_TASK STATEMENT_
Leaving out pictures, output exactly the lines below from the one that has "- Jordan Love" through the one that has "20世纪90年代中期,黄培康团队用马车运载老师劝诱", and nothing else.
##### THE DATA #####
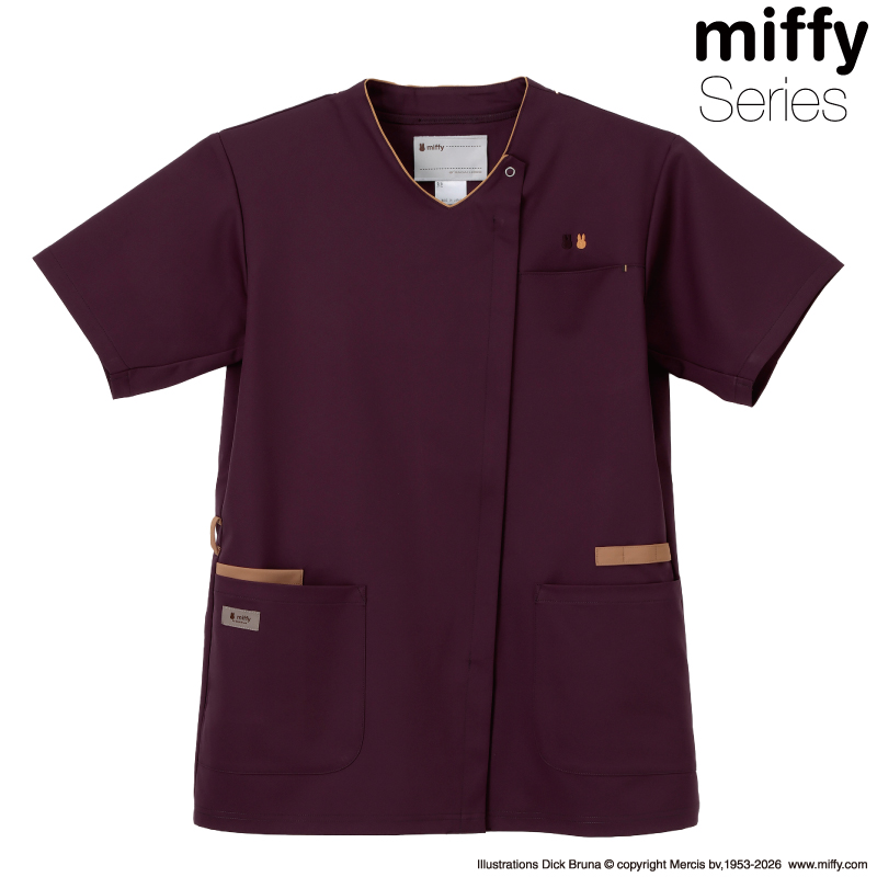 シンプルデザインもさりげないミッフィーモチーフがアクセントに。<br>フロントファスナー、3連ループ付きと小技が効いていて機能的なスクラブです。<br><br>前ファスナー、左胸ポケット、両脇ポケット(右ダブルポケット)、<br>右ウエストループ、左脇三連ループ、後ろ襟吊り付き| サイズ | 胸囲(cm) | 肩幅(cm) | 袖丈(cm) | 着丈(cm) |
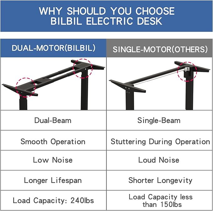 - BilBil Dual Motor System Standing Desk Frame offers smoother height adjustments, at a faster speed with lower noise (under 50 DB).
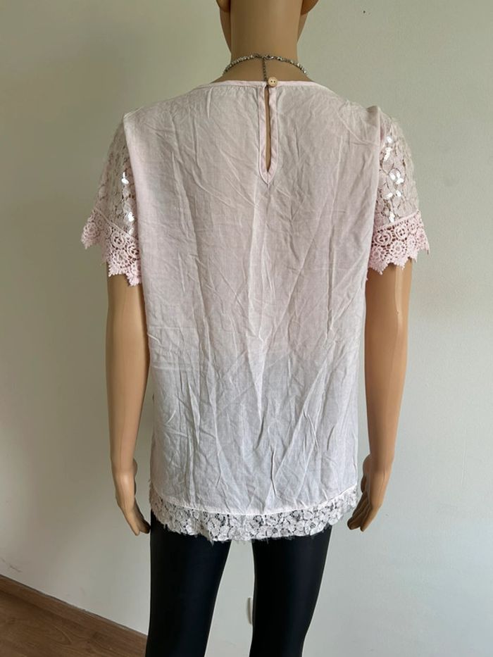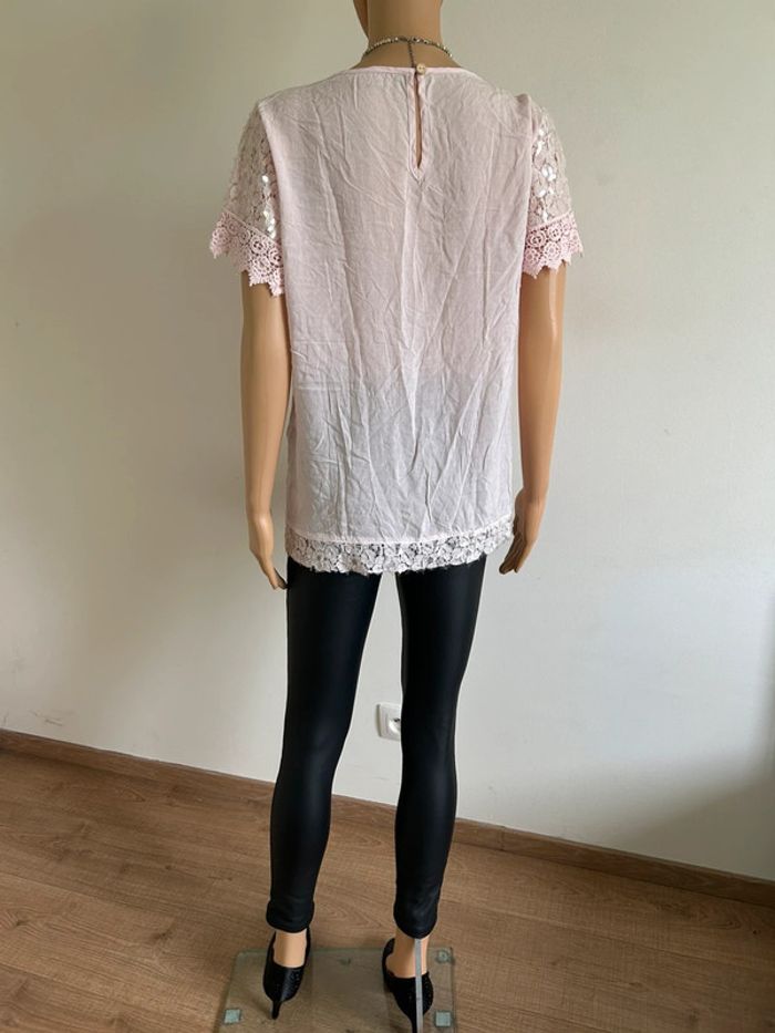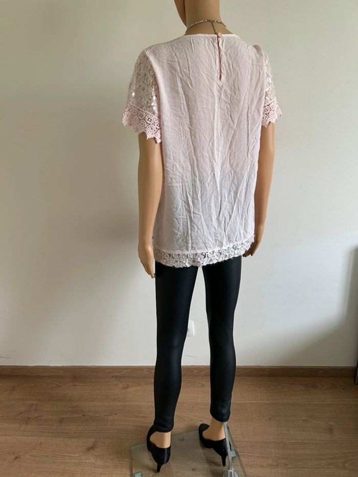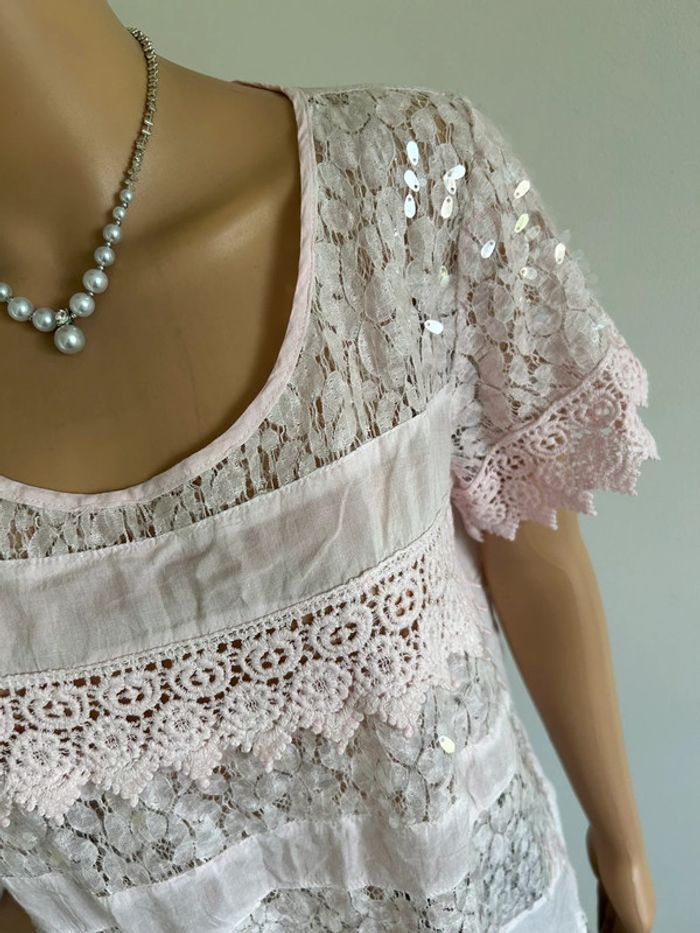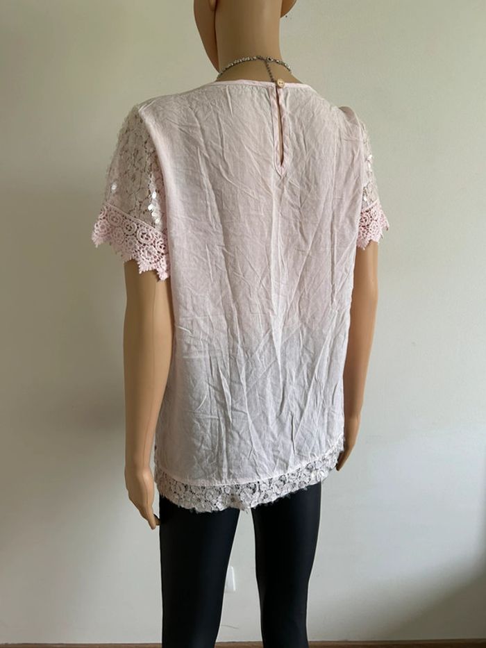 Blouse rose claire en dentelle taille M/L jamais portée - photo numéro 7
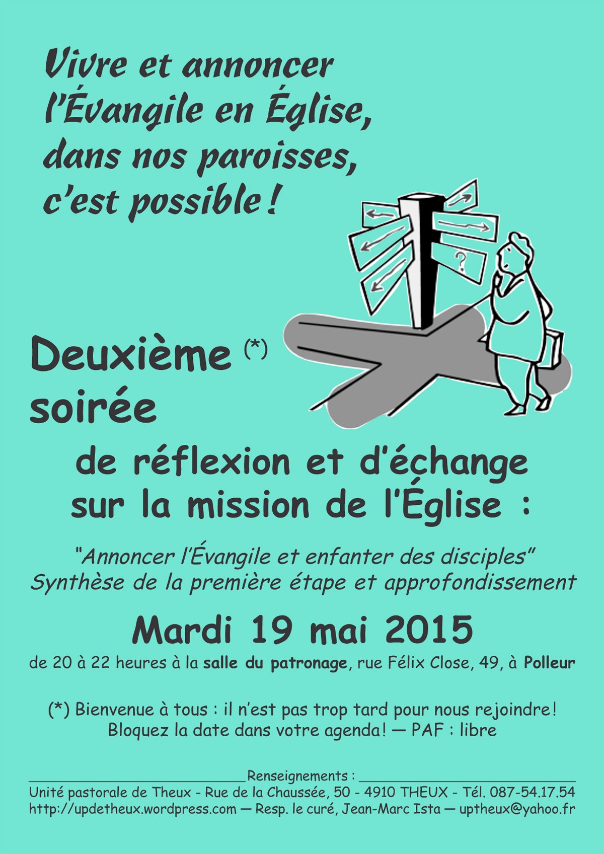 Après l’échange qui s’en est suivi, nous nous sommes quittés en fixant un nouveau rendez-vous, le mardi 19 mai prochain à 20h, cette fois à la salle du patronage de Polleur, non loin de l’église, pour faire écho de la synthèse et approfondir certains points.
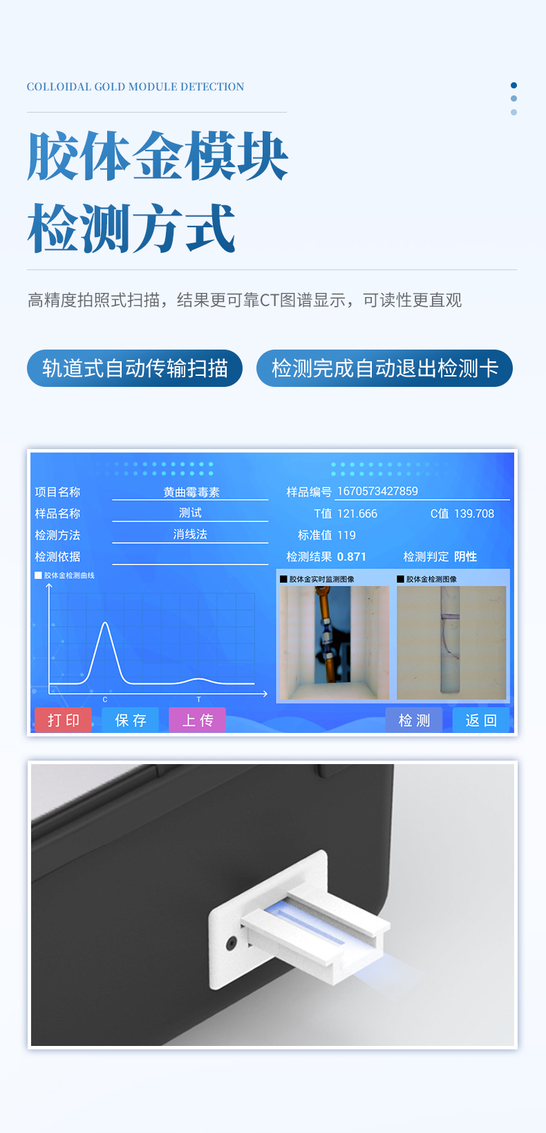 6、膠體金模塊檢測方式:軌道式自動傳輸掃描,檢測完成后自動退出檢測卡。
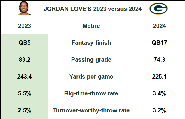 - Jordan Love will look to get back closer to his first-year starter production: After impressing in his first starting season, Love was unable to build on that momentum, but there’s hope that he can push for a better result in 2025.
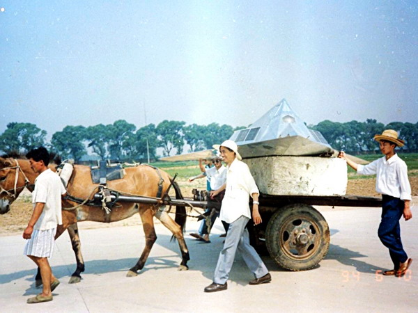 20世纪90年代中期,黄培康团队用马车运载老师劝诱
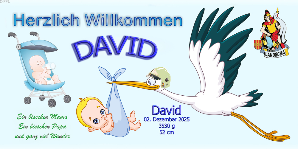 Die Freiwillige Feuerwehr Landscha wünscht der Familie Philipp, Helene und dem kleinen David alles Gute, viel Glück und vor allem Gesundheit für die Zukunft.
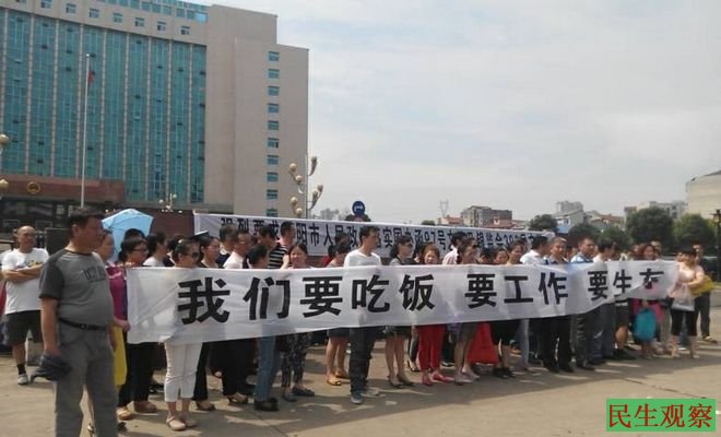 湖南省岳阳市四大银行下岗职工政府前请愿抗议
#####
_REPLY_
 - Jordan Love will look to get back closer to his first-year starter production: After impressing in his first starting season, Love was unable to build on that momentum, but there’s hope that he can push for a better result in 2025.
 20世纪90年代中期,黄培康团队用马车运载老师劝诱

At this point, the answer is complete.